RECORDED DATA:
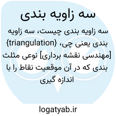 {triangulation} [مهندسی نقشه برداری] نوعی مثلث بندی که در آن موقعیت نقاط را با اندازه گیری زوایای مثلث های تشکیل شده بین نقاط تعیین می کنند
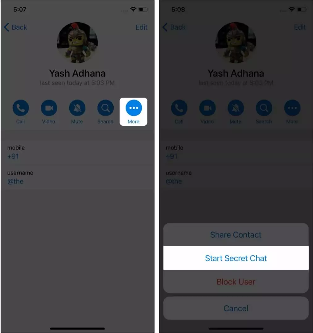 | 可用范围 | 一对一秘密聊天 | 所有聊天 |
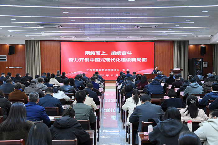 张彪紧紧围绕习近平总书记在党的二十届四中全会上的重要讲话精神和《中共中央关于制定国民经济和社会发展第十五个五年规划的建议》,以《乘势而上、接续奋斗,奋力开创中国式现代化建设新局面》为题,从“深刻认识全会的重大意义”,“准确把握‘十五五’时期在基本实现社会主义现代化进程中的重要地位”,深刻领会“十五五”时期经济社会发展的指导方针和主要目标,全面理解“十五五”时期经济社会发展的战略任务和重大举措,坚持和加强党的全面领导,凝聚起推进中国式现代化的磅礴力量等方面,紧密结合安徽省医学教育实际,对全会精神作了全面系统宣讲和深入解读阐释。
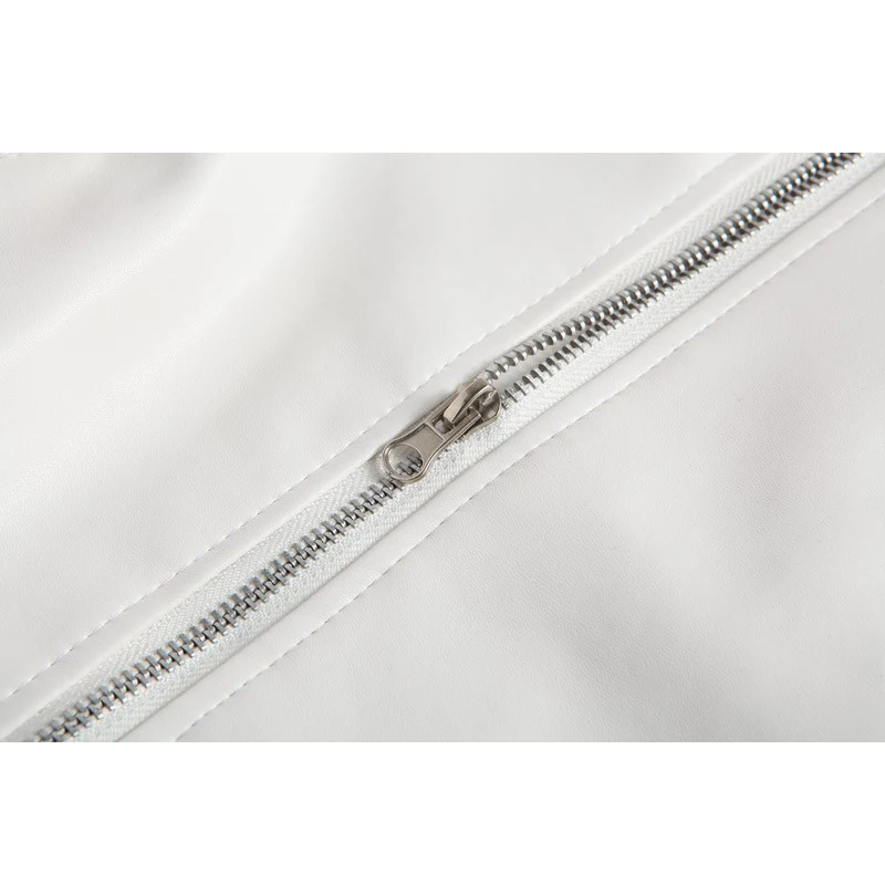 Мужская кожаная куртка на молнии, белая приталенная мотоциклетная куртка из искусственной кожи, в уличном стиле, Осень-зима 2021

WORK TO COMPLETE: Please restate the material above line by line, exactly, beginning at its first line and ending with the line that contains "一对一秘密聊天 | 所有聊天 |", without any pictures.

OUTPUT BELOW:
 {triangulation} [مهندسی نقشه برداری] نوعی مثلث بندی که در آن موقعیت نقاط را با اندازه گیری زوایای مثلث های تشکیل شده بین نقاط تعیین می کنند
 | 可用范围 | 一对一秘密聊天 | 所有聊天 |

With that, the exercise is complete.